§ Records for this exercise:
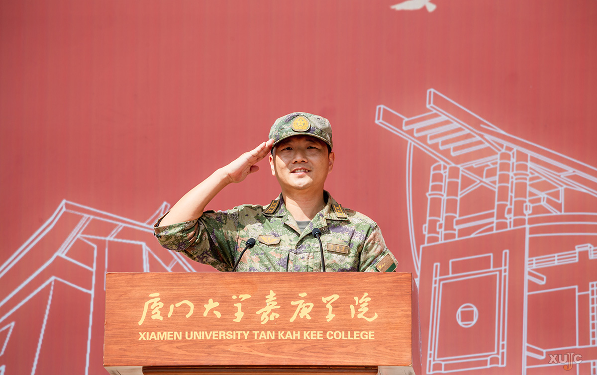 承訓(xùn)部隊(duì)首長夏海勇在軍訓(xùn)動員大會上說明了大學(xué)生參加國防軍訓(xùn)的重要性,并強(qiáng)調(diào)軍訓(xùn)能培養(yǎng)同學(xué)們的紀(jì)律意識和團(tuán)隊(duì)協(xié)作精神。他表示,14天的軍訓(xùn)難能可貴,相信同學(xué)們一定能夠挑戰(zhàn)自我,超越自我,全面展示嘉庚學(xué)子的精神風(fēng)貌,以優(yōu)異的成績交出入學(xué)后的第一張成績單。
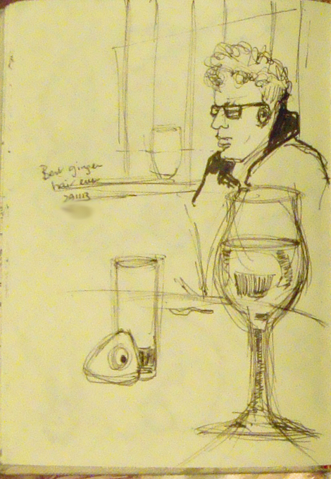 Husb and I went for a curry at The Vojon earlier to celebrate that I finished the 20 drawings and prints for my next exhibition. Any excuse for a curry. I had a garlic lamb frezi with sag rice and Husb enjoyed a chicken aloo johl and garlic rice, with poppadoms and a chutney tray. I took my sketchbook and drew this bloke opposite. He is one of the gingerest people I have ever seen. Not only proper carrot-ginger but also curly. And proud. Because he had teased his ginger curls into a marvellous confection of a hairdo. Flaunting it. Nice. Drawn with Faber Castell Pitt drawing pens, size F and B in sepia. And then, Marvel’s Agents of Shield. Marvellous. What a great evening 😀
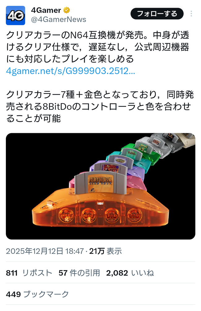 【朗報】ニンテンドー64が高画質でプレイ可能な互換機、発売される
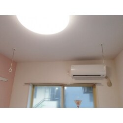 あったら便利な、天井取付タイプの室内用物干しを設置しました。防犯対策や雨天用として、室内物干しの需要が増えています。 使わないときは、竿を外しておけばじゃまにならないデザインです。
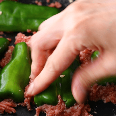 ひき肉をフライパンにドン!ピーマンを上からギュッ!ってするだけの“逆”肉詰め。
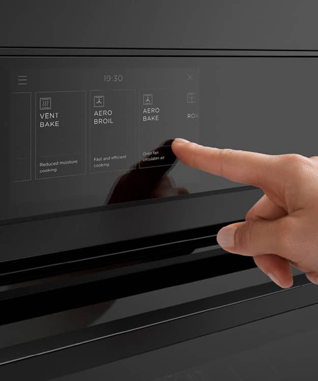 Fisher & Paykel OB30SDPTDB1 Series 9 30″ Black Built-In Single Wall Oven, 17 Function, Self-CleaningWith elegant minimal styling, advanced cook functions and touchscreen, this large built-in oven is a highlight of our collection. Features
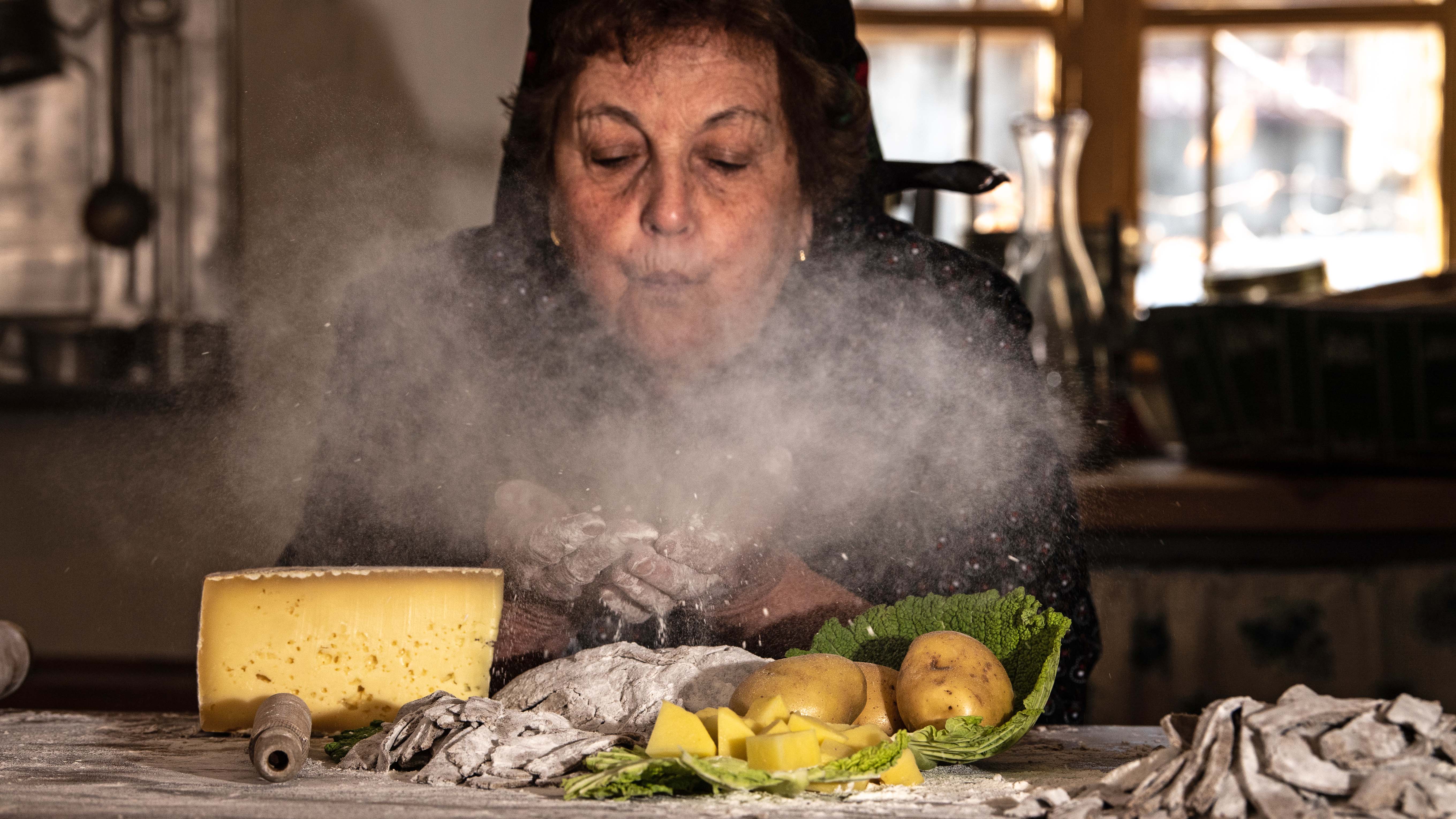Eine Frau aus Livigno stellt die lokale Spezialität Pizzoccheri her - aus Buchweizen, Käse und Kartoffeln

§ Task requirements:
Begin with the line that has "Fisher & Paykel" and continue to the last line of the entries, printing each line exactly and nothing else; include both ends and skip the pictures.

§ Response to the exercise:
 Fisher & Paykel OB30SDPTDB1 Series 9 30″ Black Built-In Single Wall Oven, 17 Function, Self-CleaningWith elegant minimal styling, advanced cook functions and touchscreen, this large built-in oven is a highlight of our collection. Features
Eine Frau aus Livigno stellt die lokale Spezialität Pizzoccheri her - aus Buchweizen, Käse und Kartoffeln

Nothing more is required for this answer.